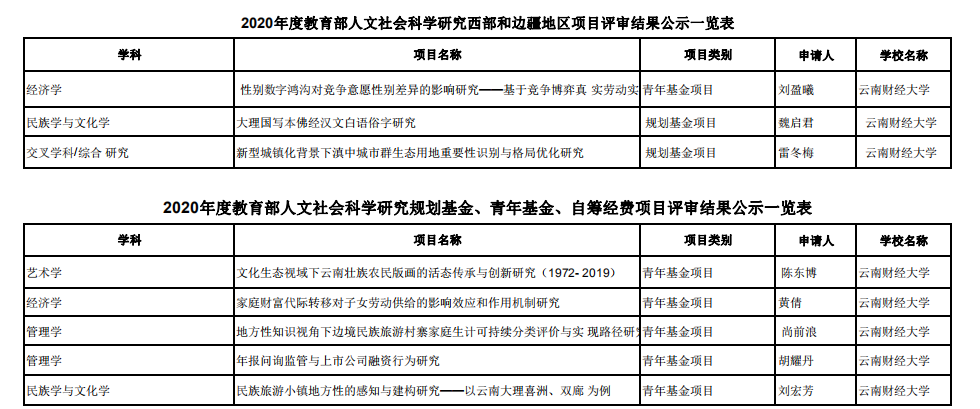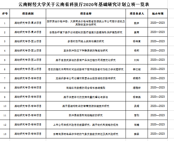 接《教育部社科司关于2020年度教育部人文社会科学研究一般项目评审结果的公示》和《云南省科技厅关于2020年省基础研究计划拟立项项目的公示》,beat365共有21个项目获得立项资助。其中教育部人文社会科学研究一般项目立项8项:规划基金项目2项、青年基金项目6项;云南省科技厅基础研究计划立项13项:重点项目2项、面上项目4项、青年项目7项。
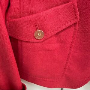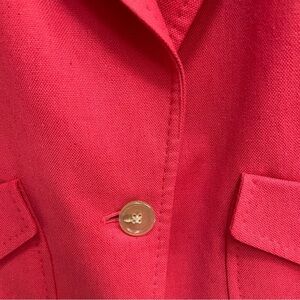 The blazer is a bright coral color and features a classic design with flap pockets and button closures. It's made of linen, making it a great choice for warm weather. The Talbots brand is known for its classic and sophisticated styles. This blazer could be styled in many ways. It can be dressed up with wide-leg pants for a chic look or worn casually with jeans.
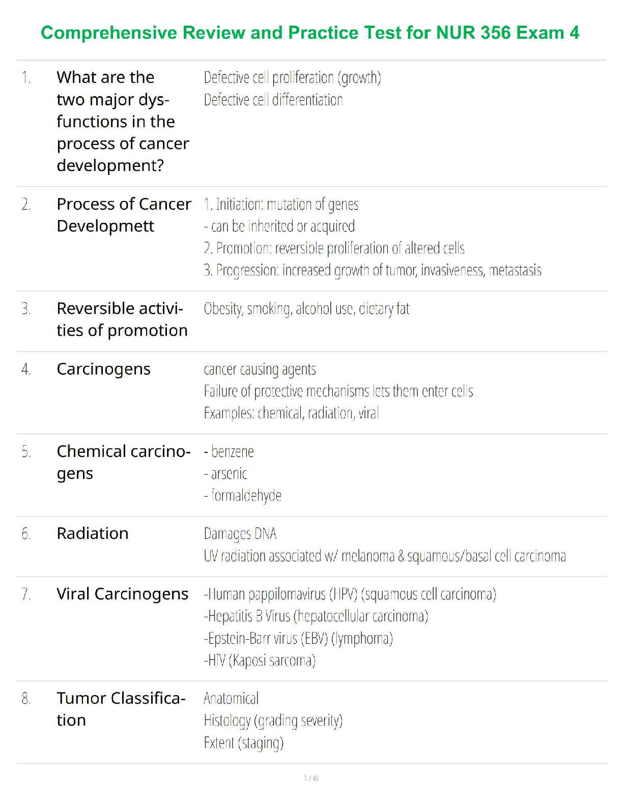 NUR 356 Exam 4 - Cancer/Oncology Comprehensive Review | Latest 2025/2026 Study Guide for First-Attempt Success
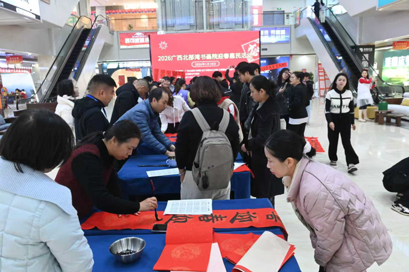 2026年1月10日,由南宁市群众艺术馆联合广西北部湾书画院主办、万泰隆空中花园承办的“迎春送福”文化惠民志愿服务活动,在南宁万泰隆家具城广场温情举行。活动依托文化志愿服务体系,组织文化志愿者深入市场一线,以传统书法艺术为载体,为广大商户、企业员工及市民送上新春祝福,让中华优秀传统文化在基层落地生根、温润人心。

..........

- Problem: Produce an exact copy of every line above, with the images left out.

- Answer section:
 接《教育部社科司关于2020年度教育部人文社会科学研究一般项目评审结果的公示》和《云南省科技厅关于2020年省基础研究计划拟立项项目的公示》,beat365共有21个项目获得立项资助。其中教育部人文社会科学研究一般项目立项8项:规划基金项目2项、青年基金项目6项;云南省科技厅基础研究计划立项13项:重点项目2项、面上项目4项、青年项目7项。
 The blazer is a bright coral color and features a classic design with flap pockets and button closures. It's made of linen, making it a great choice for warm weather. The Talbots brand is known for its classic and sophisticated styles. This blazer could be styled in many ways. It can be dressed up with wide-leg pants for a chic look or worn casually with jeans.
 NUR 356 Exam 4 - Cancer/Oncology Comprehensive Review | Latest 2025/2026 Study Guide for First-Attempt Success
 2026年1月10日,由南宁市群众艺术馆联合广西北部湾书画院主办、万泰隆空中花园承办的“迎春送福”文化惠民志愿服务活动,在南宁万泰隆家具城广场温情举行。活动依托文化志愿服务体系,组织文化志愿者深入市场一线,以传统书法艺术为载体,为广大商户、企业员工及市民送上新春祝福,让中华优秀传统文化在基层落地生根、温润人心。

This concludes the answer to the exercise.